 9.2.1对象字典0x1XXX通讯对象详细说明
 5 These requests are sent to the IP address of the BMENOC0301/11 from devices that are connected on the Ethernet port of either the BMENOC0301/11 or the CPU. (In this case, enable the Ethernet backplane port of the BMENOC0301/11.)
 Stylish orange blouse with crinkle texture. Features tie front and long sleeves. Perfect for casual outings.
• • • •
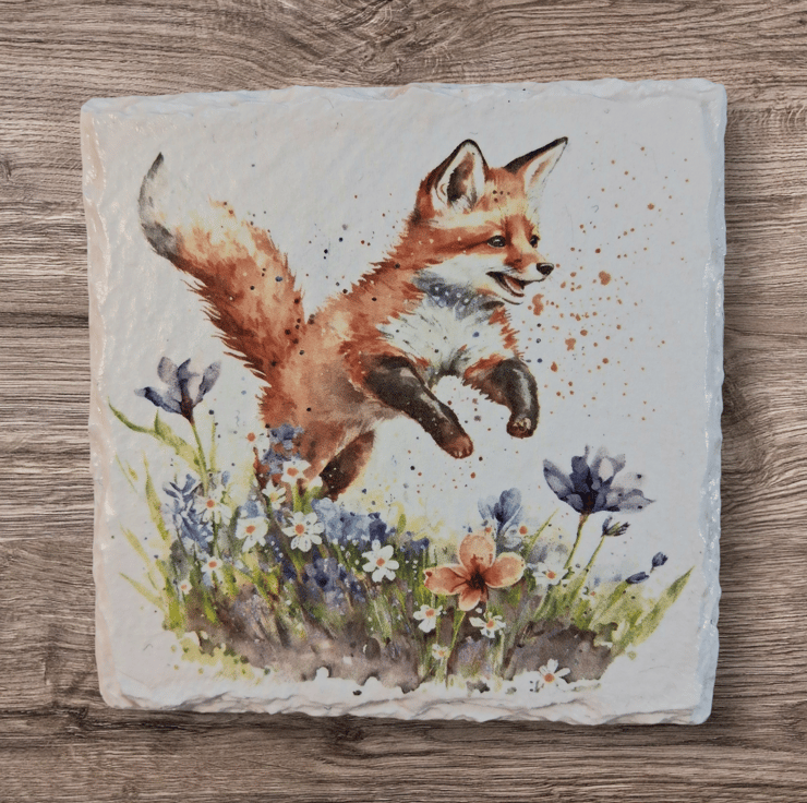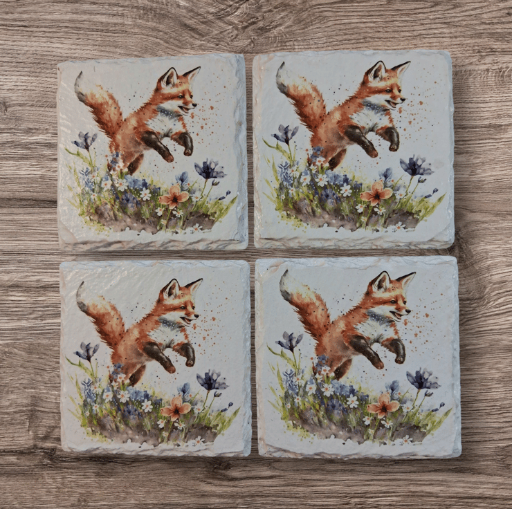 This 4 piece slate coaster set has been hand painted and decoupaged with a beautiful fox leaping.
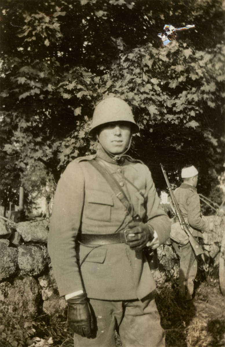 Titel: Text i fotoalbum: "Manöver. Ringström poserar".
• • • •
- Task description
Output exactly the lines above that lie between the line with "This 4 piece" and the line with "Titel: Text i", those two lines included, and no pictures.

- Output for this task
 This 4 piece slate coaster set has been hand painted and decoupaged with a beautiful fox leaping.
 Titel: Text i fotoalbum: "Manöver. Ringström poserar".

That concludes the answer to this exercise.